# Crash while testing



## suby6 (Mar 27, 2008)

When I run the max tester my screen goes black for a minute then my pc reboots. Not sure if this is normal? Isnt it supposed to back off before that happens? Temps never gotten very high. Running 3 intake and 1 large exhaust besides pwr supply.
CPU is overclocked as well.

Asus K8N
Athlon 2800 socket 754 (overclocked to 240 x 9)
2 gig of ram
ATI x700 pro AGP 1.6v


----------



## driver66 (Mar 27, 2008)

I'm ASSuming your talking about ATI-tool? more info plz


----------



## suby6 (Mar 27, 2008)

I dont see what is unclear about it.
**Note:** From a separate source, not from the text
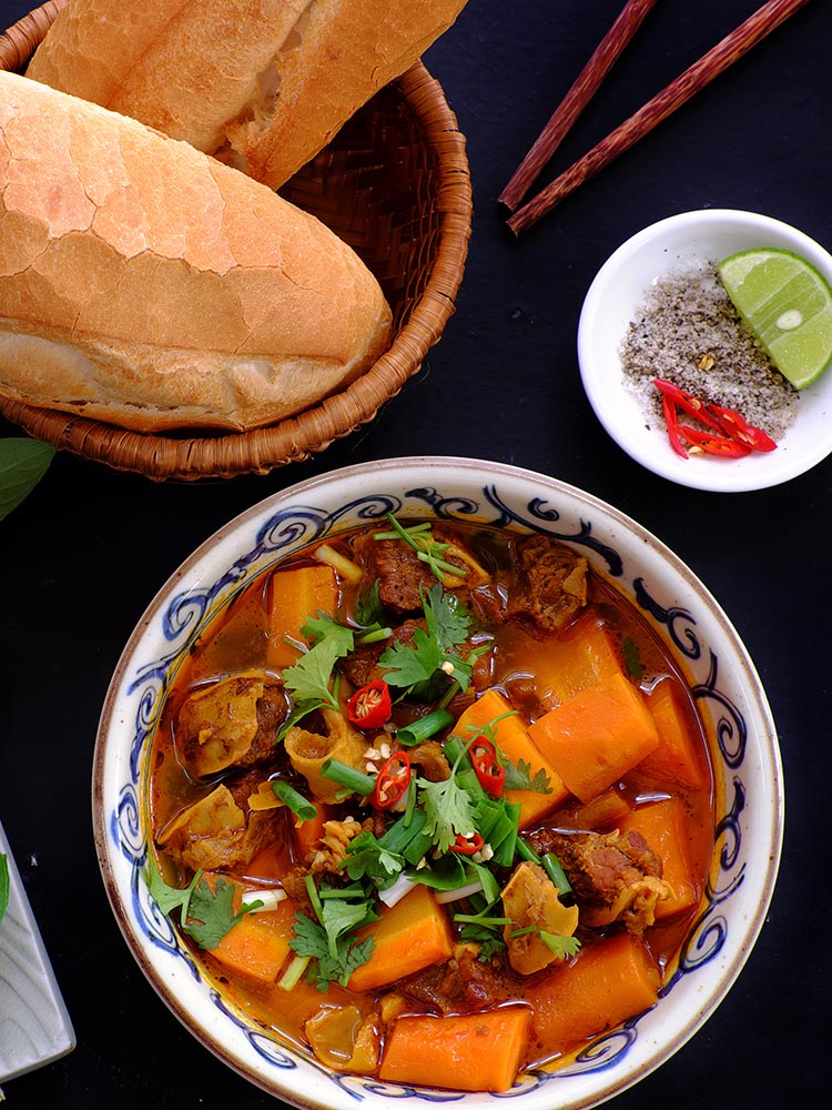 Pronounced “baw-khaw,” this dish is the Vietnamese version of the French boeuf bourguignon.
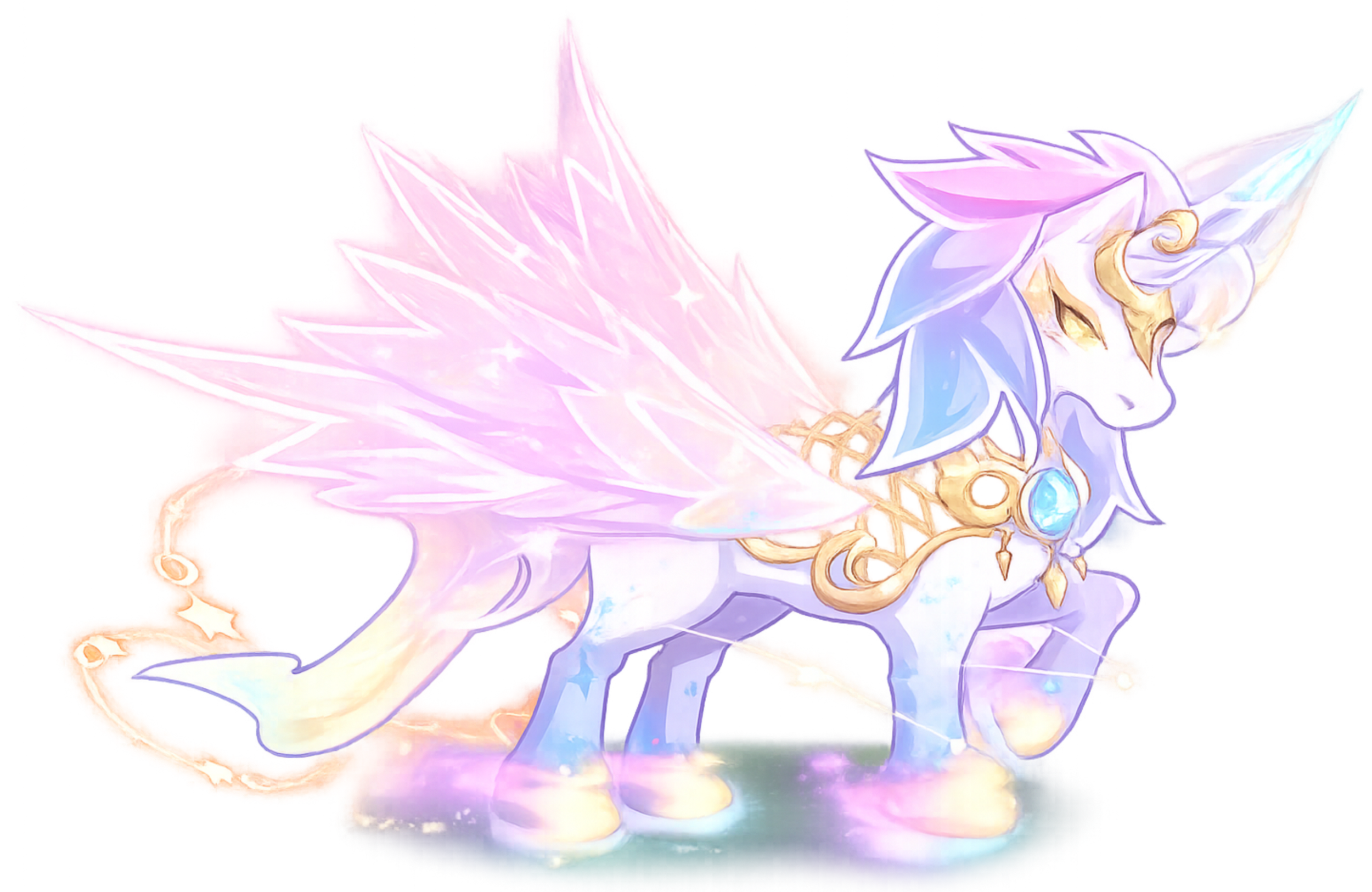 The unicorn spreads its wings every 12s, resisting DMG of the next active skill hit on the Character (excluding Class, Avian, and Summoning Skills), during which the Character gains 50% DEF and ignores all control effectsAfter the unicorn resists DMG, the DEF boost and control immunity effects disappear

Its in the atitool section isnt it?
When running the max finders my pc will power off before it completes.


----------



## mrw1986 (Mar 27, 2008)

Max Finder never "completes" it will just go until that happens or until artifacts and such happen...


----------



## suby6 (Mar 27, 2008)

cool so it worked then lol. thanks!


----------



## Wastrel (Mar 30, 2008)

I have the same, so after the screen goes off and system stops do I have to start PC up again and put the ATI setting at what the slider was before it all went black? I thought for some reason the slider would go back down and stop at the most stable setting.
Thanx

_Eventually ATITool will detect an artifact or two, and stop increasing the core speed. It will then lower the clock a few MHz(1MHz = One million cycles per second) every time a new artifact is detected, getting closer to the final frequency that it decides is the highest stable frequency_


----------